Progression leaves me defenseless

Hey y’all.

I’ve been making some progress with my psychologist, and in my sessions we’ve been working at getting me to lower my walls. To essentially stop me from shutting out the world in self defense. Because in separating myself, I’m not protecting myself I’m only making things worse. The loneliness and separation i feel is a byproduct of my depression and it fuels what I call the “darkness”

But here lies the conundrum. In slowing lowering my walls, I expose myself to pain, hurt and loss. I have a tendency to hyper realize emotions. When I love, it’s intoxicating. When I hurt, it’s all encompassing. I sink and dwell and by lowering the walls, I let the darkness in even more.

You see while the darkness exists in me, it is fed and dictated by others in many ways. In my desire to separate myself, I only make things worse.
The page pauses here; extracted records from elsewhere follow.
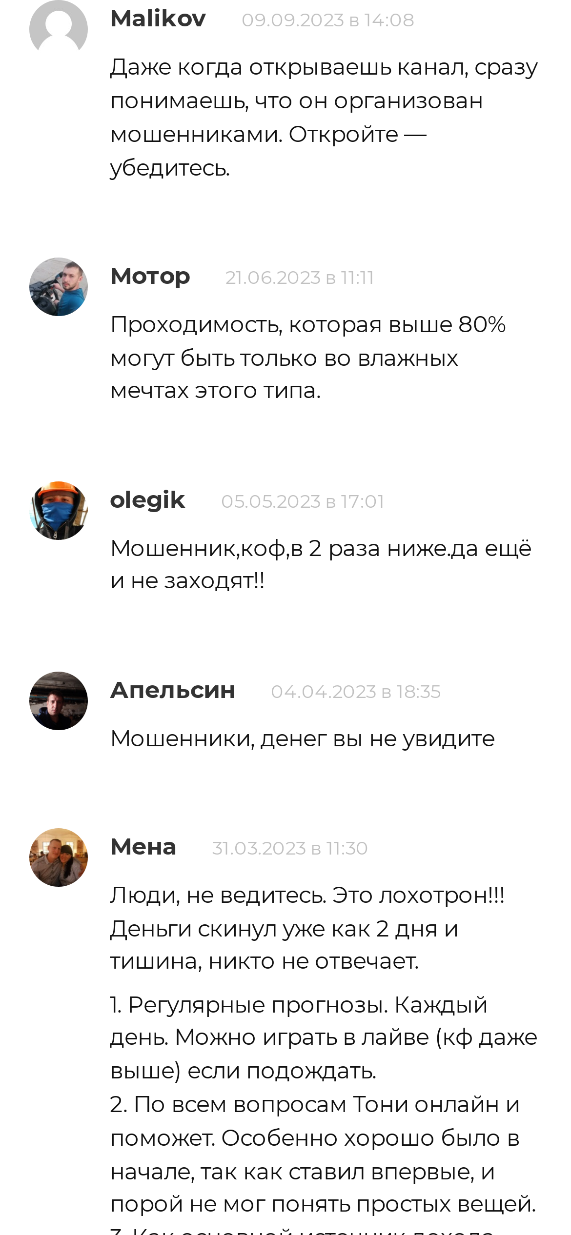 В комментариях вы можете оставить свою жалобу или положительное мнение о проекте. Каждое мнение важно, потому что оно поможет не совершить ошибку или выбрать надежного аналитика для себя. Также не забывайте ставить оценки, это можно сделать в два клика в нашем рейтинге.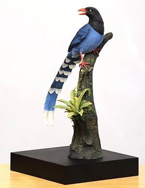 这款台湾蓝鹊瓷器出自杰作陶艺公司,长31公分、宽28公分、高53公分,重量约2.7公斤,由设计师李国钦设计创作。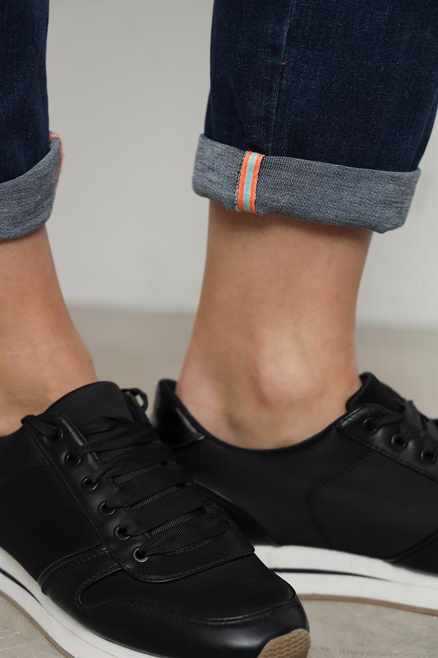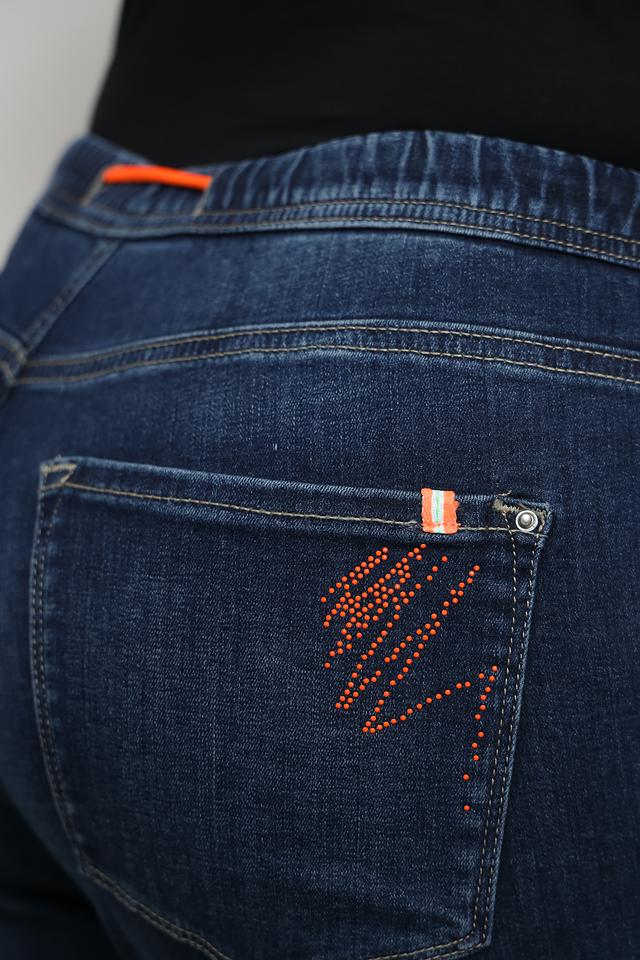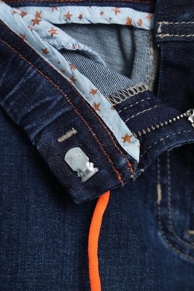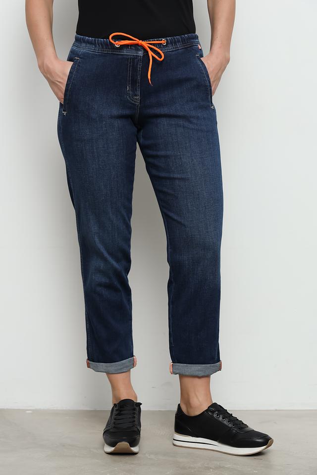 Джинсы имеют удобную посадку благодаря эластичному поясу с ярким оранжевым шнурком, который добавляет образу оригинальности. Крой брюк – слегка зауженный к низу, с возможностью подворота, что позволяет создавать разные стили. Ткань состоит из 98% хлопка и 2% эластана, обеспечивая мягкость, воздухопроницаемость и небольшую степень эластичности.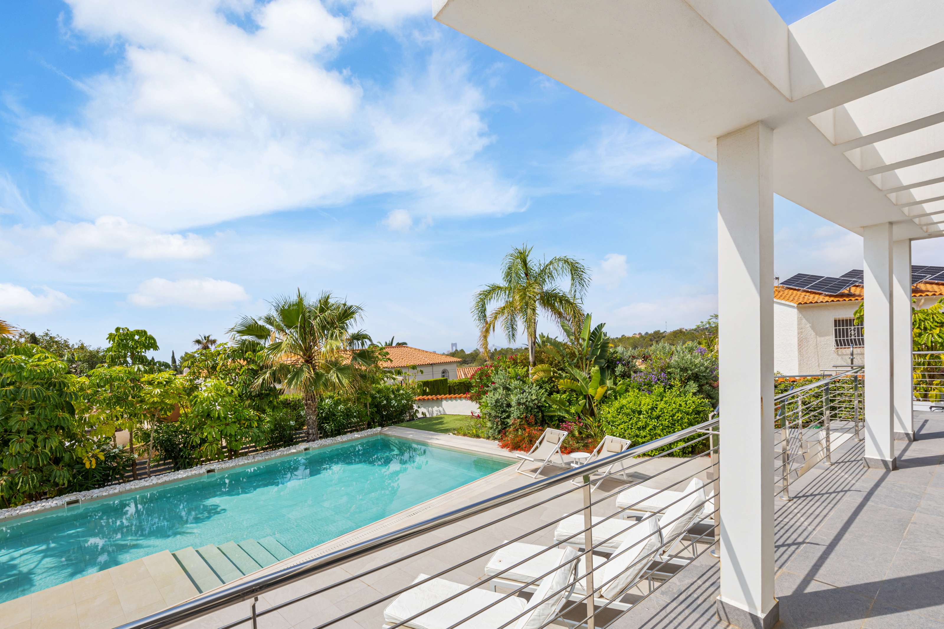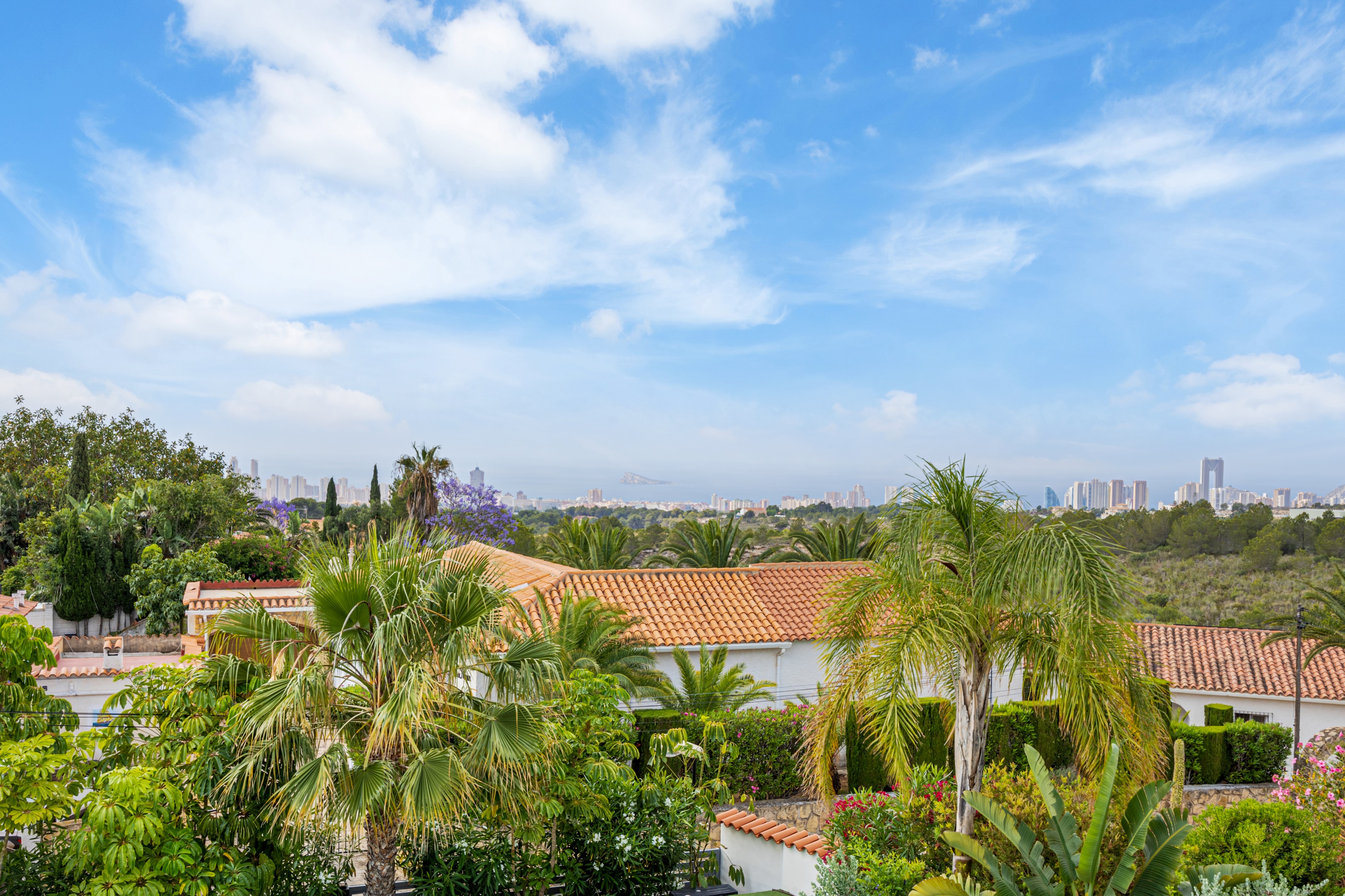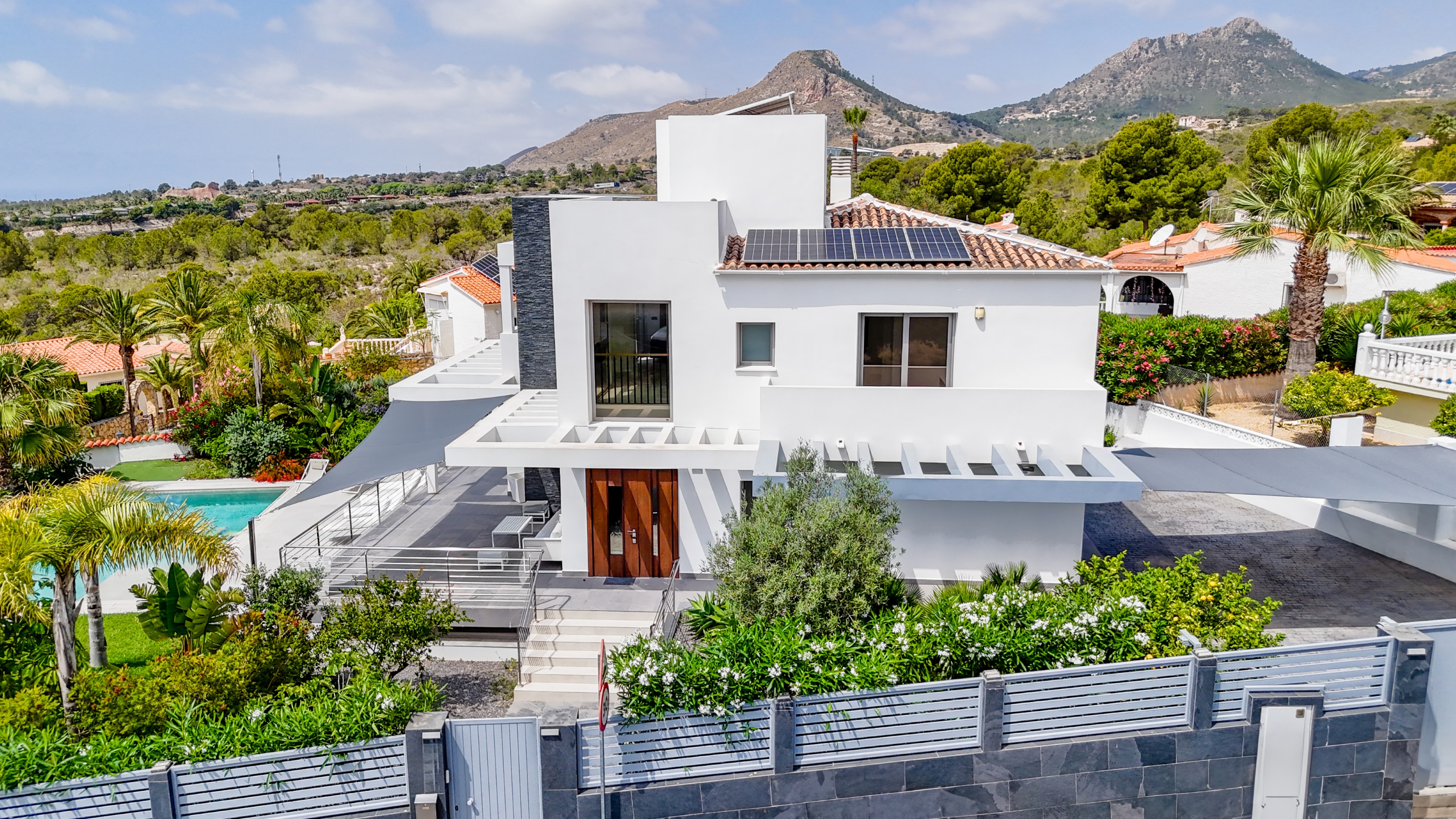 Een zeldzame kans om de enige villa in moderne stijl te bezitten in deze rustige buitenwijk van La Nucía, waarbij geavanceerd design wordt gecombineerd met comfort, efficiëntie en een prachtig uitzicht op zee, de bergen en de skyline van Benidorm.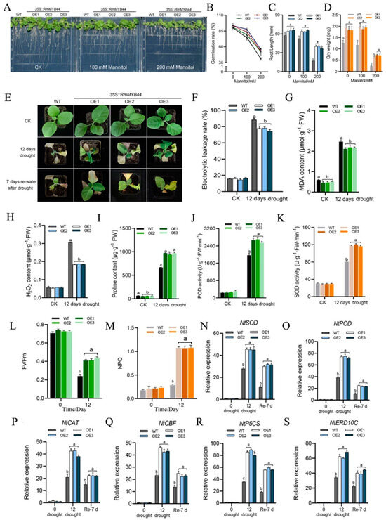 To understand the role of RmMYB44 in plant drought tolerance, the tobacco seeds of both the transgenic plants overexpressing RmMYB44 and the WT plants were treated with 0, 100, and 200 mM of mannitol. The results indicated that compared to WT, the transgenic tobacco plants exhibited higher germination rates, longer root lengths, and greater dry weights (Figure 6A–D). After 12 d of drought treatment, the transgenic plants presented less wilting and greener leaves (Figure 6E). The drought conditions inhibiting the photosynthetic ability affected both Fv/Fm and NPQ in OE lines, similar to the effects observed with chilling and NaCl treatments (Figure 6L,M). After 12 d of drought, the plants were re-watered, revealing that the OE lines resumed growth and produced new leaves after 7 d, whereas the WT plants almost died and failed to recover. In addition, the activities of CAT, POD, and SOD, as well as the proline content, increased significantly in the transgenic plants (Figure 6J,K and Figure S1B), whereas the accumulation of reactive oxygen species was notably reduced under 200 mM mannitol treatment (Figure 6F–K and Figure S2B). The expression levels of NtSOD, NtPOD, NtCBF, NtP5CS, and NtERD10C were also significantly upregulated (Figure 6N–S). These results suggested that the overexpression of RmMYB44 substantially enhanced drought tolerance in tobacco.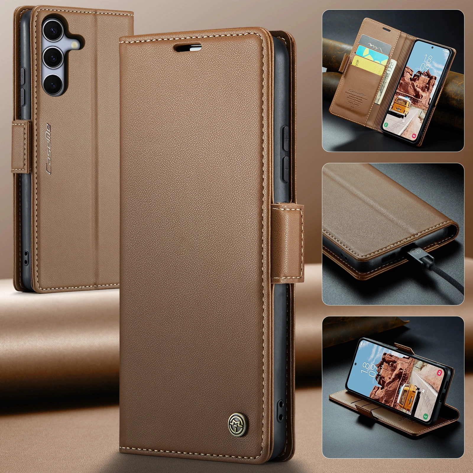 Samsung Galaxy S25+ PLUS raamatkaaned kunstnahast RFID kaartide kaitsega – Pruun

But I can’t shut myself away from people, I must embrace the light, because if I hide away it will never depart, never leave me alone. My hope lies in others.

It is love and hope that will one day set me free. While that day is a long way away, I understand now what I must do. It’s just the struggles that define us, and make the destinations we seek so much sweeter.

It’s just going to be hard. But I know I’m strong enough to do it. And I know I cannot do it alone. So I’ll do my best to let you in. Somedays will be hard. Almost terrible. But the rewards will be worth all the pain and confusion. I know that now.

No more hiding, no more running. Just take a deep breath, and take it one step at a time.